The victory of the teals and the hit taken by the Liberal Party in its traditional heartland indicate fissures in these elites.

Allegra Spender, victor in Wentworth, is a business person who comes from a strong Liberal Party family background—her father was a Liberal MP and grandfather Sir Percy Spender, a Menzies government cabinet minister. Kate Chaney is a former Wesfarmers executive, and is a granddaughter of a Menzies government minister and niece of a former Liberal senator. Others have backgrounds as barrister, paediatric neurologist, public relations specialist and GP.

The teals’ campaign was coordinated by Climate 200, run by Simon Holmes à Court, son of Australia’s first billionaire, Robert Holmes à Court, and who had earlier fundraised for Frydenberg. Climate 200 received support from Mike Cannon-Brookes, the billionaire founder of Atlassian software, and Nancy Milgrom, who owns Sussan and Sportsgirl. And on the board are former Liberal MP Julia Banks and former Liberal leader John Hewson.

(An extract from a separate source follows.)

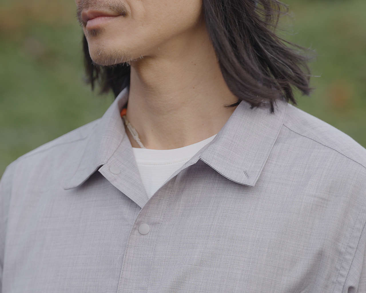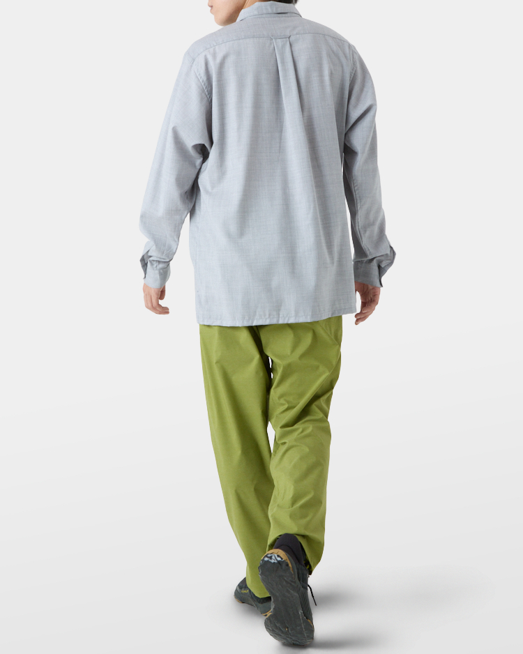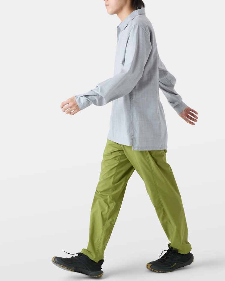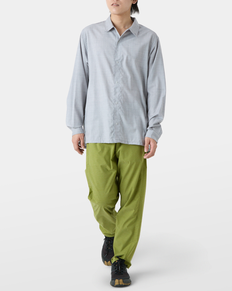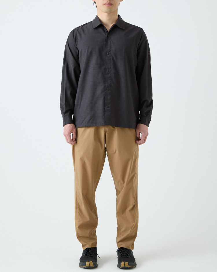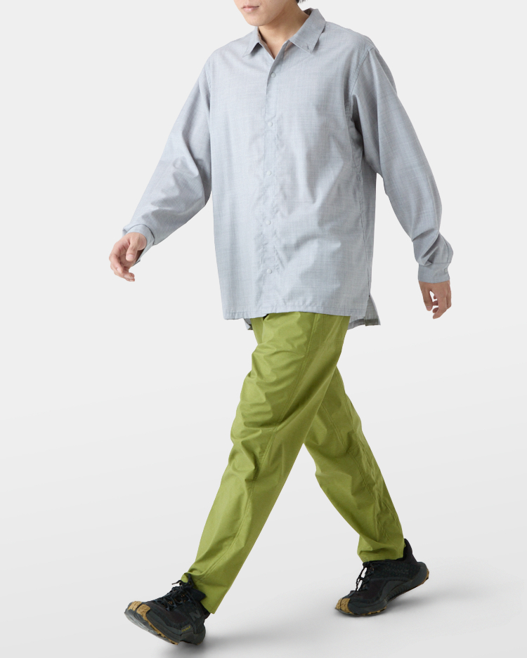 ワイドフィットとオープンカラーでヒートアップし過ぎず、換気したい時はスナップボタンで一気に前を開けたり、素早く袖をまくり上げたり、寒いときは襟を立ててボタンでとめたりと、山と道のトレイルシャツ独自のディティールで防風性と体感温度を自在にコントロールできる。
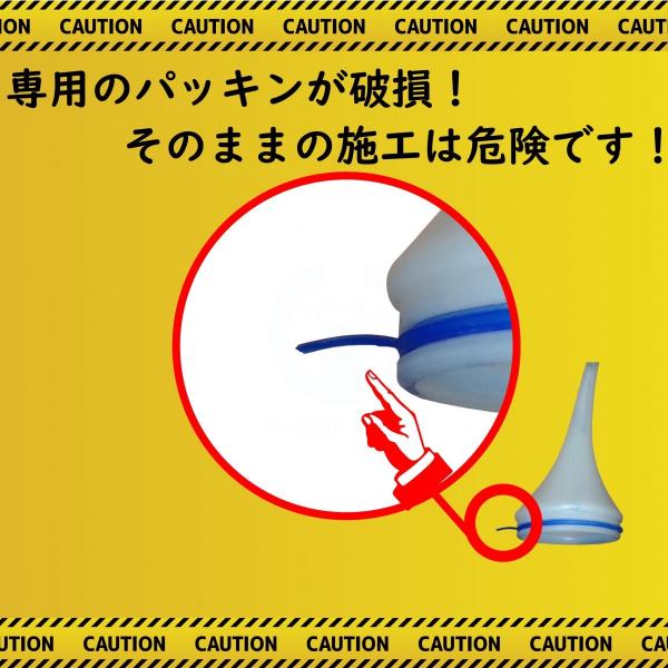 ※破損したままの施工はスチームが手にもかかる危険性があり、溶剤の直接接触は大変危険です。

The teals attracted support from Liberal bluebloods such as Rob Baillieu, from one of Melbourne’s long-standing establishment families and son of former Victorian Liberal Premier Ted Baillieu.

These are the very stuff of the Liberal Party but have turned on “their” party. And it is not ruled out that the teals could form a party of their own which, if they are able to consolidate it over a couple of federal elections, could become a big obstacle to the Coalition ever winning office in its own right.